Vote for me, and I'll bring it to you, along with Universal Healthcare, the collapse of Western Civilization, and the end of the Capital Orders of their Capitalist conspiracy by 2030.
Cut the Capitals at the Head, as it was said.
Bring a valid episteme.
Have you looked at how hard is been to get HS2 built in the UK, and how much of it has been cancelled? 😏 China builds high speed rail, but France and Japan etc. got theirs started years ago, and even France has trouble now. And the US would have so many more miles of land to buy up...
There are limits to how much you can upgrade (often neglected) freight infrastructure for high speed passenger trains, but the other big problem is spare capacity and priority, which is what kills current Amtrak service (and why most countries have dedicated HSR lines if they can build them).
That is if it ends up being cheaper. I read the fare for the las Vegas route would be similar to the flight and end up being the same duration of travel with all the boarding delay for air
True, but even if it's neither less-expensive nor faster, the experience is ten times better.
Well, assuming the who've made air travel utterly awful don't do the same with trains.
I assume what would happen is that a Democratic administration would fund construction, and then a subsequent Republican administration would privatize the system so corporations could f*ck everything up.

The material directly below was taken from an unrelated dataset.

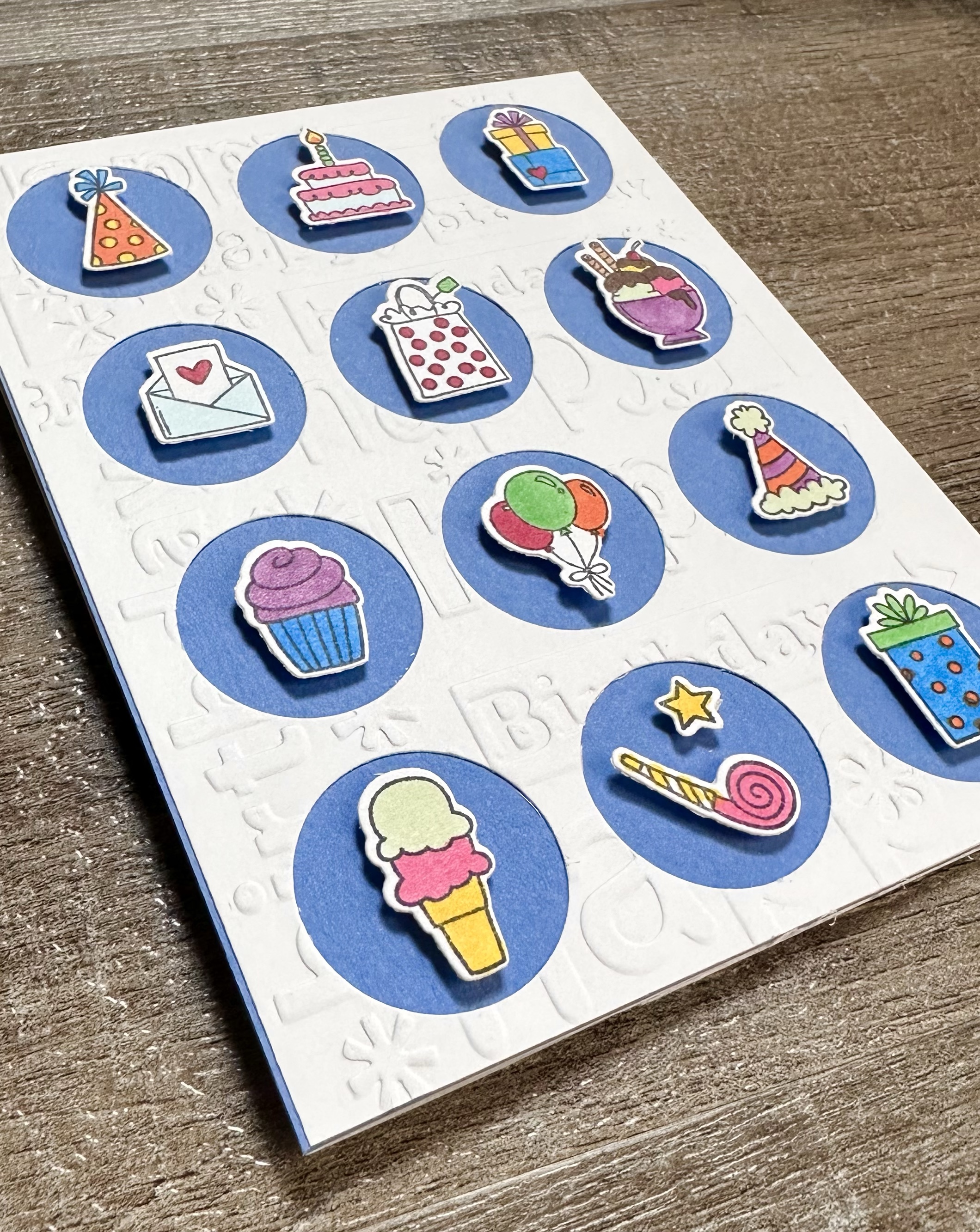 I used a birthday embossing folder (similar to this one) on a piece of white card stock. Then I die cut it with the Big Circles Cutting Plate and attached it to a blue card. Each of the birthday images is attached to the card using foam tape.

The train should have energy efficiency advantages also. Train could potentially pre-board cars and pick up and drop off whole cars in minutes so the whole train isn’t delayed substantially by boarding at each station.
Is that really necessary, though? The bullet trains in Japan stop at each station for about 60 seconds. Unlike a plane, there’s no need to have people seated and belted while the train is moving.
That's fair. They'd announce arrival with time to allow folks to queue up for the doors. I've never ridden a bullet train, but I assume the (acc/dec)eleration is designed to be fairly smooth and gentle.
A big advantage over planes is that there’s two doors per car, so at most intermediate stops each one has only 5-10 people waiting to get on/off.
At the major stops, they do wait longer, but even then just for a couple of minutes.
Oh, that's really interesting! Feels like it's extensible out to things like 'cars with wheel problems' or 'malfunctioning engines', &c.. Racing pit-style replacements when called for.
There could be more lines, for sure, but better than what we've got. Like right now my best option for getting to kew gardens from crown heights is the lirr
ngl part of me died as an adolescent watching the city just erase any semblance of its presence in the downtown area. i dont remember a lot of my childhood, but i remember being incredibly saddened by that.
I remember sprinting after a N'awlans street car when I was visiting my brother and had gotten super sick with some kind of flu or strep throat or something back in the late 1990's. It was the last one headed back to his little shotgun house for the night and it would have been a long walk w/o it.
You can leave Phoenix, Tucson, and Las Vegas off the network: they'll be uninhabitable long before the railway network could recover the cost of building stations there. (Same probably goes for Florida, too.)
Northbound: Evacuees
Southbound: MAGA crowd moving to their new Trump Shorefront Estate properties. (Not knowing the "estates" are on the wet side of the shorefront.)
Imagining that Florida loop, I picture the intercity train in World of Warcraft where you go underwater and check out the cool sea monsters through the steampunk Chunnel.
I would travel so much more, to way more places, and spend so many tourist dollars. It would be so effective. And for business trips?! I could work so much more comfortably on a train.
If they can’t care for like, environmental or human happiness reasons, capitalism should want this for itself.
Airlines and oil companies are certain to lose future revenue with high speed rail. There are towns that would likely disappear without tourists driving through.
The gains exceed those losses, but the gains are distributed wider and no specific sector is guaranteed gains, so the status quo wins.
A dedicated HS west coast line would be amazing. People visiting Portland frequently don’t need a godamn car once they’re there, and a 7 hour train down to SF is honestly preferable to flying a decent chunk of the time, etc
I'm coming in August, on the Empire Builder, actually! So far, we've been able to schedule everything we want to do on either bus or tram, incl Cannon Beach and Multnomah Falls. Seems like a great city to get around in.